Tips For Negotiating BudgetsPosted on 01
Liaising with potential clients is an art, especially when it comes to money. It takes a lot of practice to be able to gauge your client’s needs & budget (or lack of) and negotiate an outcome that both the client and yourself are satisfied with. Here are two tips that I’ve found extremely useful when negotiating pricing, allowing the best outcome for both parties.
How can you find out a potential client’s budget?
The best way to find out a potential client’s budget is to ask. Although you can ask “What is your budget?“, I’ve personally found that mentioning the ‘budget’ word can get a bit sticky & things can get a bit vague when negotiating prices so I’ve found asking “How much do you plan to dedicate to this project?“ a better approach.
It avoids the ‘budget’ word and allows the customer to think about how much they want to spend on their project. It also allows you to get a better idea of what they are willing to spend, versus your own set prices, putting you in a better position to negotiate. Of course not all clients know how much things cost or why, but it’s your role as a designer to educate the client on these matters as well.
When asked to lower your prices
Ok, so now you know your client’s ‘budget’, but their budget is (*surprise*) way below your fees. My advice here, is to stick to your guns and not reduce your price(s).
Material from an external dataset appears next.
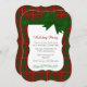 Convite elegante da festa de Natal feito no teste padrão verde e vermelho tradicional da xadrez de tartan do clã de Cameron, com suporte branco uma área de texto dada forma. Os gráficos de um arco e de uma fita verdes do olhar do cetim decoram a parte superior do convite e um esboço verde e vermelho das folhas e das bagas do azevinho, na parte inferior. Personalize o texto vermelho e preto para serir suas necessidades do partido.
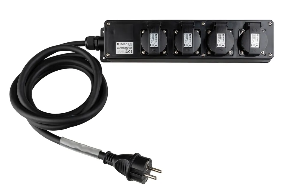 Professionele stroomverdeeldoos met 4 stopcontacten met penaarde, een 3G2,5 rubberen kabel van 5m, schuko plug met penaarde en een 7cm transparante krimpkous.

Instead, sell the value of your work, explain what they will receive and why these are your prices.
A handy phrase that I use when asked to lower the price is “As I can not lower the quality of my work, unfortunately I can not lower the prices.” Using this phrase shows that you are proud of the work you produce and want to produce the best quality of work possible. NB: See the Fast, Good, Cheap Pricing Method.
I guarantee to you, that in the long run, sticking to your guns is going to be more beneficial to you, your career and most importantly, your health as you will ultimately be working less, yet charging more.
For further tips on liaising with clients I recommend Jeremy Tuber’s book ‘Verbal Kung Fu‘ that I have previously reviewed on this blog.
Have you got any further tips for negotiating budgets?